Free radicals might not be the bad guys they’ve been painted as
A popular view of reactive oxygen species is of chemical bad guys shooting up your healthy body and causing ageing. These energetic radicals whack into proteins, lipids and DNA, denting or even destroying them. Antioxidants can supposedly take these radicals down, a sort of missile system in fruit, vegetable or pill form to neutralise the enemy.
Sadly, this attractive picture is false: antioxidant supplements aren’t sharp-shooting good guys and scientists digging into their high-energy nemeses have uncovered evidence that reactive species make positive contributions in the body. They’re active in healthy wound repair and all sorts of stress responses. Two of the most important are hydrogen peroxide and superoxide.
The link between free radicals and ageing harks back to research in the 1940s by US chemist Denham Harman. He put forward the idea that ageing was primarily due to oxidative stress: free radicals damaging DNA – causing mutations – and proteins.

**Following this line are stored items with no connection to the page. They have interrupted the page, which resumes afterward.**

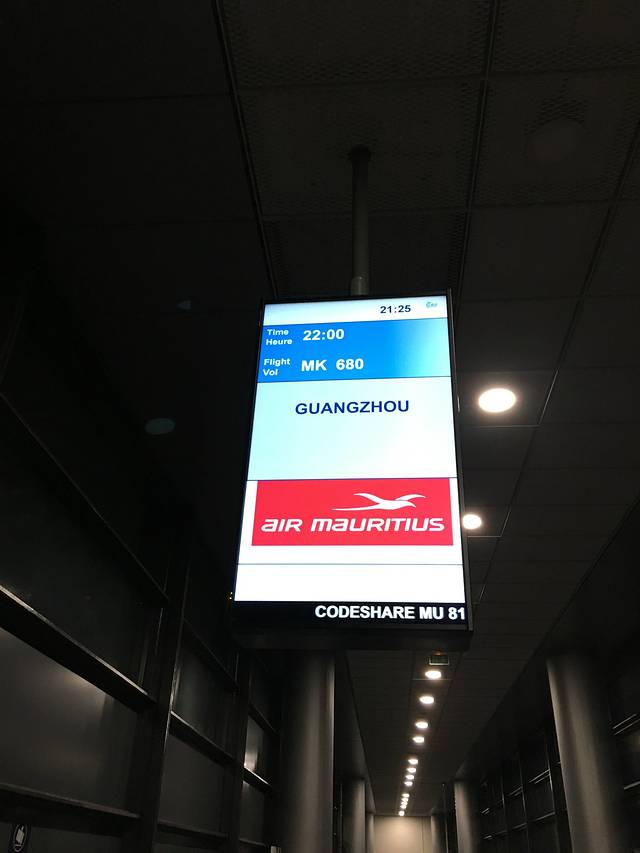 出发地:广州白云国际机场→→→目的地:毛里求斯国际机场
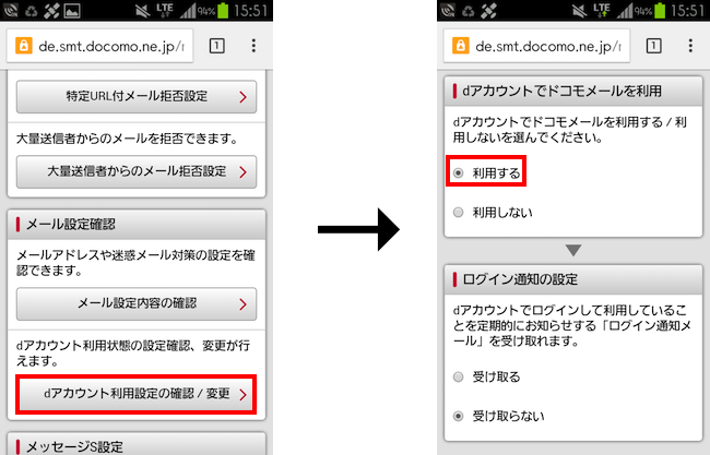 然后,您可以选择是否通过您的 d 帐户使用 Docomo Mail,因此请选中“使用”。
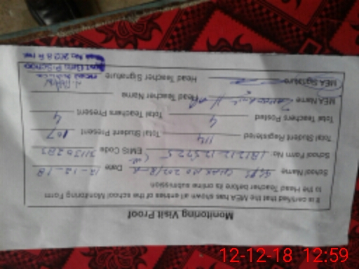 | Total no. of Classrooms: 2 No. of Classrooms Used for Teaching: 1 No. of Classrooms Storing Old Furniture, FTBs, etc: 0Comments if Any: S H N S SHAHID NAWAZ LAST VISIT THE SCHOOL DATED 21JAN 2016 AFTER NO VISIT OF THIS SCHOOL TILL TO DATE |

‘It doesn’t require a great grasp of cell biology. Free radicals damage stuff and cause ageing. The theory became extremely popular and is still popular today to some extent,’ says Simon Melov at the Buck Institute for Research on Ageing in California. That popularity is demonstrated by a booming pill industry touting the great powers of antioxidants like vitamin E. The idea is so powerful that it withstands endless clinical trials showing no positive effects. ‘The outcomes seem to have had no impact on public awareness of the [lack of] efficacy of taking these supplements,’ adds Melov.
Bin the pills?
Still, free radicals can inflict serious damage. They are responsible for the progression of diseases such Alzheimer’s and Parkinson’s, inflicting damage on neurons, and implicated in coronary heart disease, diabetes and even cancers, according to Kelvin Davies of University of Southern California, Los Angeles. But stopping them is not so easy.
‘If you undergo open heart surgery, you heart is perfused with a cocktail of antioxidants in very high concentrations,’ says Davies. This works and protects you against oxidative damage. Similarly, lycopene and beta-carotene are found in high concentrations in tomato and carrot, respectively, and protect plants against free radicals in their own tissue.
‘The experiments done years ago gave us the idea that lycopene and other plant molecules could protect us. Put large amounts in a test tube, add a known generator of reactive species such as hydroxyl radicals, throw in a bit of DNA or protein, and you can show that the presence of lycopene inhibits oxidation of the protein or DNA,’ says Davies. ‘But getting that concentration in your body is just not feasible.’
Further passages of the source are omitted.